= Visualizing Cultures (website) =

Pedagical website

Visualizing Cultures is an educational website intended to tie "images and scholarly commentary in innovative ways to illuminate social and cultural history." The project describes itself as a "gateway to seeing history through images that once had wide circulation among peoples of different times and places" and investigates history as "how people saw themselves, how they saw others including foreigners and enemies, and how in turn others saw them."

==History==
The site was created in 2002 by Professors John W. Dower of the History Faculty and Shigeru Miyagawa of Foreign Languages and Literatures. It is affiliated with the MIT OpenCourseWare project, a project initiated in 2001 intended to make materials from MIT courses available freely online. The site uses digitized visual archive images to develop historical units covering events in China, Japan, and the Philippines in the modern era. Around 28 academics from different universities collaborated with Visualizing Cultures, producing 55 units comprising essays, visual narratives, and image galleries. The site design and structure was developed by the project's Creative Director, Ellen Sebring.

The first Visualizing Cultures unit, "Black Ships & Samurai," written by John Dower, juxtaposed the visual record from the two sides of the 1853–1854 encounter when Commodore Matthew Perry of the United States arrived in Japan aboard steam-powered gunboats to force long-isolationist Japan to open its borders.

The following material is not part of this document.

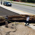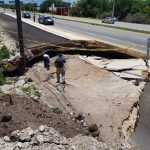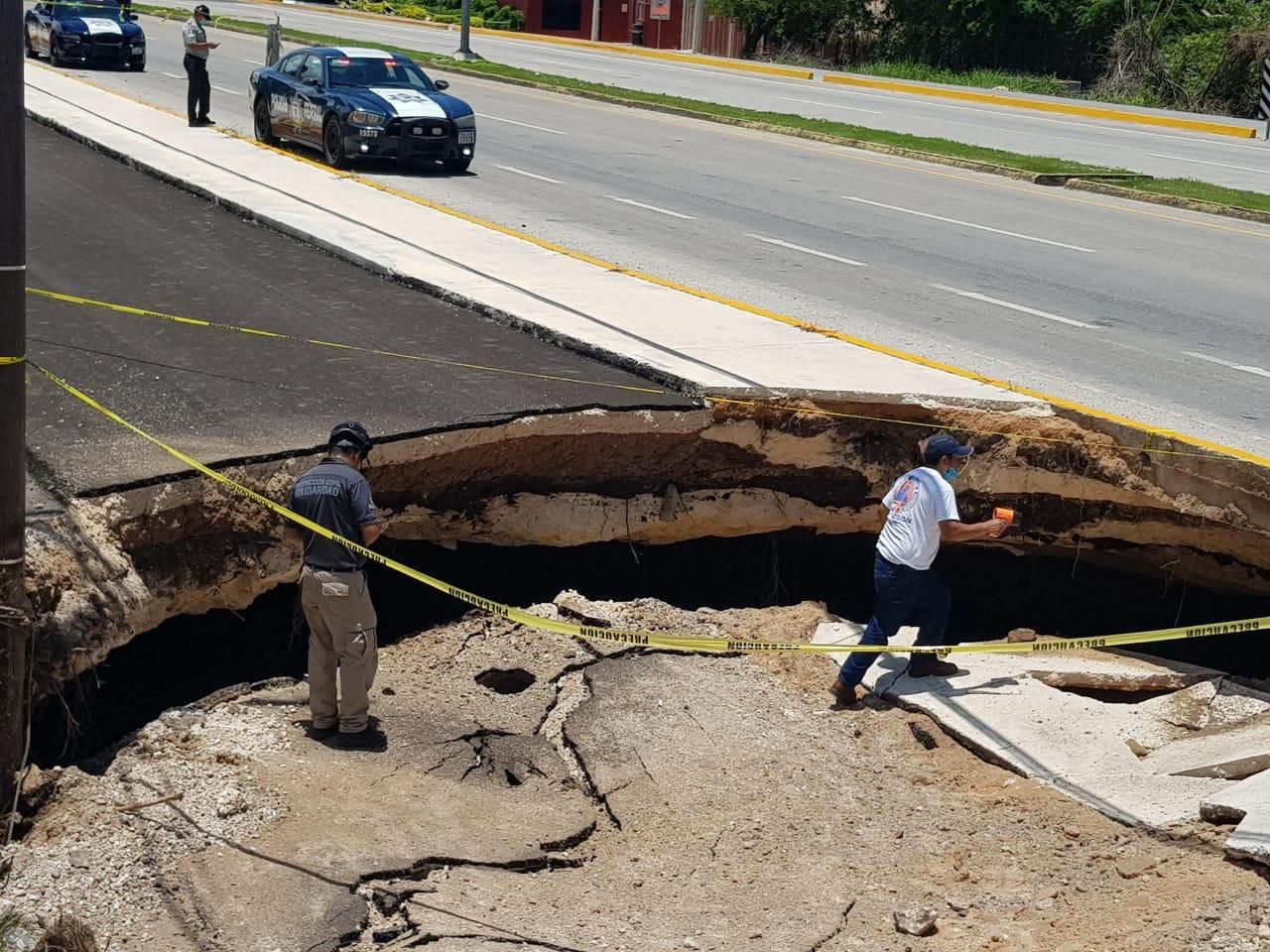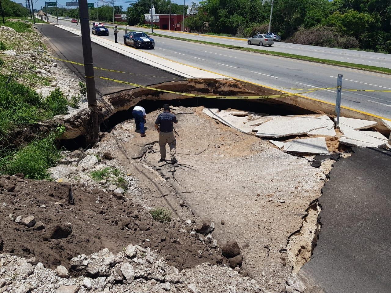 Un socavón de tierra se abrió la mañana del 13 de junio del 2020 en la carretera que une los destinos turísticos de Playa del Carmen y Tulum a la altura del hotel Royal Tulum informaron las autoridades de protección civil en Solidaridad, Quintana Roo.

Nine of the units include curricula designed for secondary school teaching. The project included workshops for teachers and a traveling exhibition that toured the United States, including an exhibit as part of the revival of Stephen Sondheim's play, Pacific Overtures on Broadway, and Japan. Visualizing Cultures (VC) has collaborated with more than 200 museums, libraries, and archives to make the digital visual record in the form of popular, political, and commercial historical images, freely accessible under the Creative Commons license.

==Awards and reception==
The project was recognized by MIT with the "Class of 1960 Innovation in Education Award" in 2004. In 2005, the National Endowment for the Humanities selected VC for inclusion on "EDSITEment" as an online resource for education in the humanities. The curriculum on the website for the Canton Trade unit won the 2011 Franklin R. Buchanan prize from the Association for Asian Studies for "best curricular materials concerning Asia."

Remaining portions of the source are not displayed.